Meja 3: Pemberian Vaksin
- Setelah dinyatakan sehat, penerima vaksin akan disuntik vaksin oleh vaksinator terlatih.
- Petugas mencatat informasi penerima dan vaksin yang diberikan pada memo untuk diserahkan ke meja berikutnya.
- Penerima vaksin diminta untuk menunggu selama 30 menit untuk observasi pasca vaksinasi.

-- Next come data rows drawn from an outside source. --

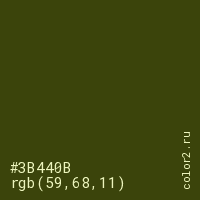 Цвет #3B440B в цветовой модели RGB обозначается тремя октетами (59, 68, 11) в десятичном формате и #3B440B в шестнадцатиричном (hex) формате, которые являются интенсивностью красного 59 (hex 3B), интенсивность зелёного 68 (hex 44) и интенсивность синего 11 (hex 0B).
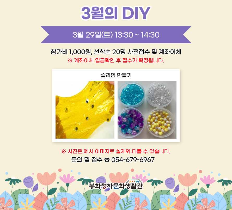 | 11 | 봉화정자문화생활관 3월 29일 DIY 행사 [나만의 슬라임 만들기] | 체육시설사업소 | 2025.03.18 | ![]() |
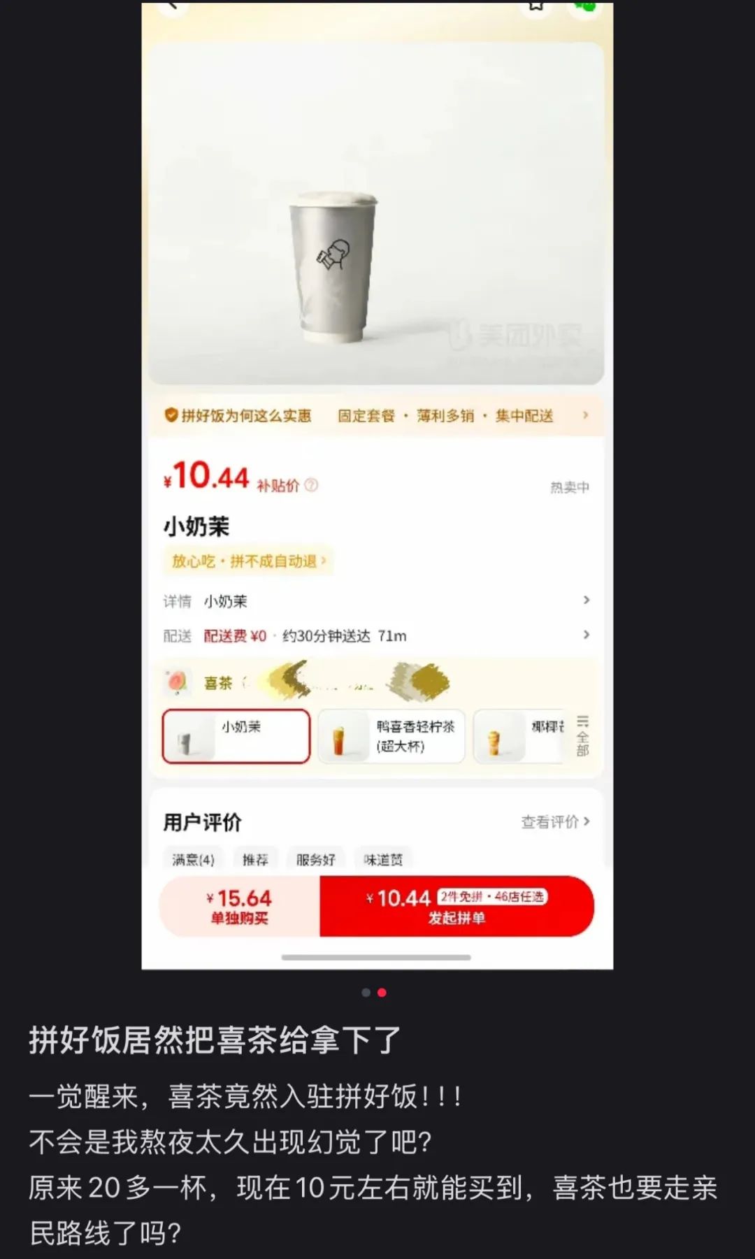 正因此,喜茶低調上線美團拼好飯,雙方合作主要集中在低線城市。在貴州、河南、浙江等省份,喜茶也得到了不少消費者的好評。**以拼單價喝到喜茶的年輕消費者,大多給出了“喜茶接地氣”“第一次喝喜茶,味道確實不錯”等評價。**這是喜茶和美團之間一次更深入的合作,雙方是在新茶飲行業共同尋找增量市場。

Meja 4: Observasi dan Pemberian Kartu Vaksinasi
- Petugas menerima memo dari meja sebelumnya dan mencatat hasil vaksinasi dalam aplikasi Pcare Vaksinasi.
- Jika tidak memungkinkan untuk input data secara langsung, pencatatan dilakukan secara manual untuk diinput kemudian.
- Penerima vaksin akan diberikan kartu vaksinasi sebagai bukti bahwa mereka telah divaksin.
- Selama 30 menit di ruang observasi, penerima vaksin akan mendapatkan penyuluhan mengenai pencegahan COVID-19.
Dengan mengikuti prosedur ini, diharapkan pelaksanaan vaksinasi COVID-19 dapat berjalan dengan aman dan efektif, serta memberikan perlindungan kepada masyarakat dari pandemi yang sedang berlangsung.